Sheldon Cooper/SOPA Images/LightRocket/Getty Images

After years of waiting, Twitter users can finally see the first edited tweet, which was tweeted Thursday by an official account. This is how it will look when we all get the ability to fix typos, which is coming to Twitter Blue subscribers first, though we still don't know when every Twitter user will get the feature. 

Appropriately, the first edited tweet is from Twitter Blue's account, but it gives us an idea of what they'll look like. 

It's actually pretty clear that a tweet has been edited, as its timestamp will be preceded by a pencil icon and a "Last edited" notation with a specific time. When viewing edited tweets in a feed, the pencil icon will sit next to the time-since-tweeted time stamp.

Twitter users surely still want the capability to edit tweets. They've asked for an edit button for years, and even though then-CEO Jack Dorsey went on record in 2020 saying Twitter would probably never add one, the company confirmed it was working on the feature back in April. 
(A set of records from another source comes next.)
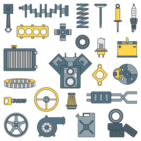 ライン フラット ベクトル アイコン車修理パーツ 電気ランプ 内部燃焼エンジンの要素 産業 漫画のスタイル イラストやデザインの要素 モノクロ オート サービス メンテナンス のイラスト素材 ベクタ Image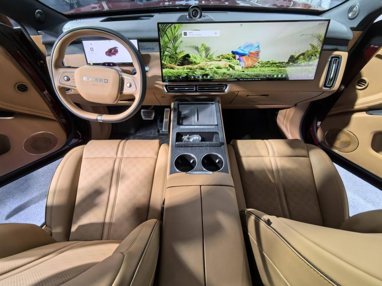 首先,在智能座舱层面,星途EX7搭载包含6K 30英寸寰宇一体屏、24吋W-HUD在内的多个屏幕,营造了不错的科技氛围感,而AI灵犀智舱2.0以8295P芯片为核心,集成超60个生态应用,基于高算力赋能,让交互与屏幕流转体验更加迅捷、流畅。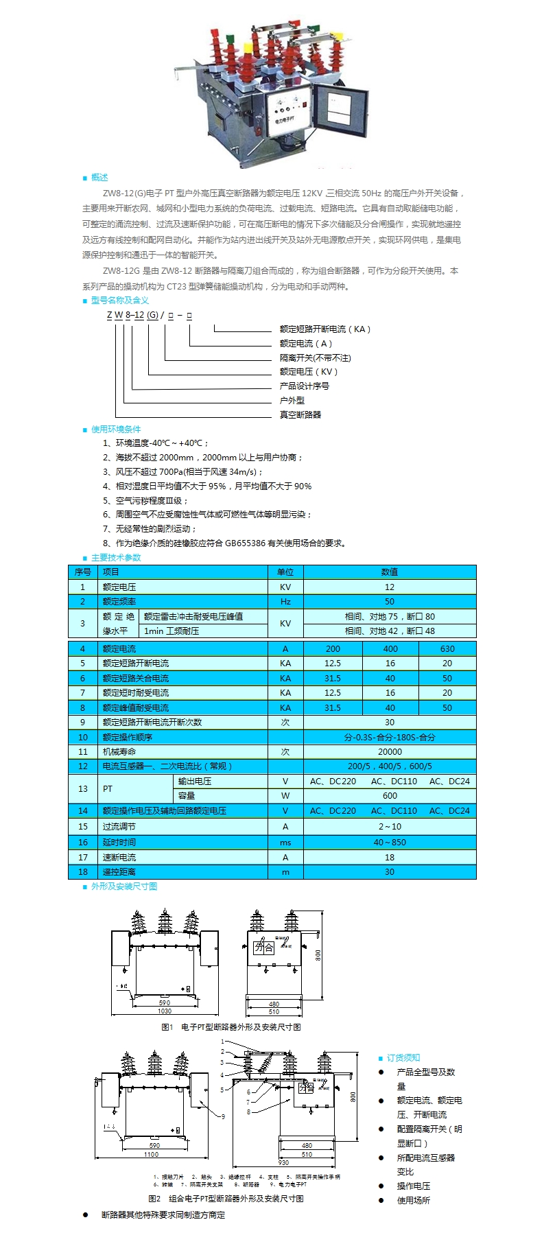 | ZW8-12(G)電子PT型戶外高壓真空斷路器 | |

Subscribers of the $5-per-month premium Twitter Blue service will get to edit their tweets first, Twitter said earlier this month. Soon, subscribers in Australia, Canada and New Zealand will get the feature, followed by the US. Users will have 30 minutes after posting a tweet to edit it.  

Twitter declined to say when every user will get to edit tweets, so we'll just have to look enviously at premium service subscribers. Perhaps the pencil icon will supersede the blue checkmark as a sign of Twitter status.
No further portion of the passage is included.